I got a spot into my school’s student council. I am GRATEFUL that I earned a position, but I’m getting so many mixed emotions about it. Maybe its my incompetence of never actually being in student council before, but its hard when people praise the president only. Do the other 4 officers get treated like shit or are people just biased to the president. I know its WOW, PRESIDENT. But really, without the rest of the student council the president couldn’t do shit by himself. I mean we haven’t experienced what its like with the whole council yet, but we all better be treated equally.
I cannot wait for this week to be over omfg. Things are getting blown out of proportions with this whole entire campaign. I never thought that history would repeat itself, but this is way too competitive. Skipping classes to talk to underclassmen, shaking people’s hands at the door when they walk in, posters literally EVERYWHERE, and the shit talking. My god, I know us guys can get competitive, but it doesn’t have to be taking it THIS FAR. On another note.. I keep feeling like I’m going to be the one student that doesn’t get a position. There are 5 posiitons in all and 6 people running. I’ve only talked to one class and I was so nervous. I’m scared cause I don’t want to face the embarassment. Its hard enough losing but being that one oddball that doesn’t make it.. its absolutely humiliating. I always try fighting for a spot, but my throat tenses up, my knees start to shake, and my voice gets shaky. I need to try harder. I have one more day to prove to the whole school that I can represent them as a leader. I can do this. Just have faith.
I honestly don’t know who I can trust with the shit I go through. There are some people I can talk to, but I don’t feel comfortable talking with them cause we haven’t even seen eachother in 1654984 years. Then theres the people who don’t even give two shits about your problems. I don’t even know.
I don’t know whether I should let go of the things that have happened in the past. I’ve grown up and I’ve realized that some things are actually worth keeping. The laughs and memories bring back so many feelings that you become so bewildered. But how do you let go of issues when you look at the person and all you remember is agony. I know and realize that things will get better in time. Memories are there to let you relive your past experiences. The past is only meant to be visited, not a place to dwell in.

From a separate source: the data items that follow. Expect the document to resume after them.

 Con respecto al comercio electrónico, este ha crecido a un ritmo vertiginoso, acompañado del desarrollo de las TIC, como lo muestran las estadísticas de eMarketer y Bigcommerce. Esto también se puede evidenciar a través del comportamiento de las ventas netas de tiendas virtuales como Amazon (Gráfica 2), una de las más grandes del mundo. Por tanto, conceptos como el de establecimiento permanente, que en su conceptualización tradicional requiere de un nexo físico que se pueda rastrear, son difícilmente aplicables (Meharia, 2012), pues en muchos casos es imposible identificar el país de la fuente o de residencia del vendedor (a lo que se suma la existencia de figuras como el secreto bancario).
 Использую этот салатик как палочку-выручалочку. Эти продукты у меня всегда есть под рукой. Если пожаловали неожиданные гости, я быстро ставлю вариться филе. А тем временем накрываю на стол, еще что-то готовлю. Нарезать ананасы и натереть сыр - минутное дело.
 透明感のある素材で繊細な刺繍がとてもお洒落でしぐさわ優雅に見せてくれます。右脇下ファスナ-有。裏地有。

Student council interviews are going to be this week. I just want to wish you the best of luck and to not be disappointed if you don’t win. Everything happens for a reason right? Don’t let the fear of being known consume you. I know that you’re capable of carrying the responsibilities of a student council officer. You DESERVE this as much as anybody else running against you. Be sure of your thoughts and take every moment of your speech seriously. You can do this. This is your moment to share your thoughts with everyone. You’ve got your family and friends behind you, supporting and cheering for you. So whatever happens, always remember that you are loved. That you have a significant meaning to other individuals.You can do this.

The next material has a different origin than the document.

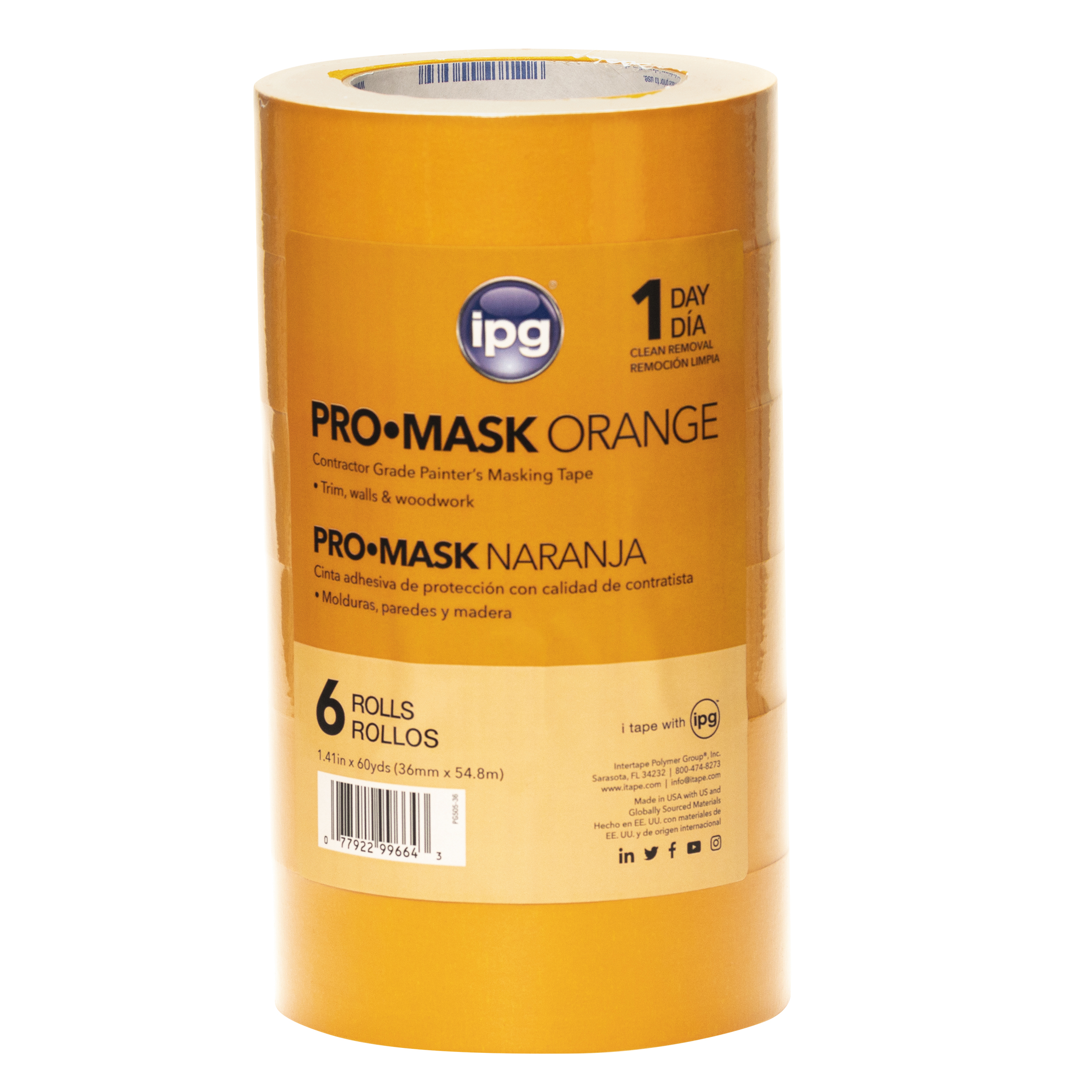 PG505 ProMask Orange is a Contractor Grade crepe paper masking tape with a pressure-sensitive natural rubber based adhesive. Recommended for most paint masking applications where excellent conformability and clean removal are desired.

I think that sometimes friendships are similar to relationships. Just like how you can fall out of love, you can fall out of a friendship with someone. It doesn’t matter if you’re really close or if you’re just regular friends.. Distance changes everything. You start drifting and you start losing the similarities that tie your friendship together; When you go to hang out, you find out that you have nothing in common with them anymore. So much has changed that you don’t even know your “friend” anymore. You realize that they’re not like you anymore. Then as soon as you know it, you both turn into strangers forced to move on.
We all have our boundaries, and we all have our limits. But just because I talk to you doesn’t give you the right to treat me like I’ll do anything for you. I understand that we all have our needs, and at times we hit rock bottom.. however I’m not going to even acknowledge you if you feel like you can treat me like shit. Sure you might be joking, but we haven’t even reached that level in a friendship where we can call each other names without being offended. I don’t know what you think a friendship is, but if this is it, please with all respect; gtfo my life.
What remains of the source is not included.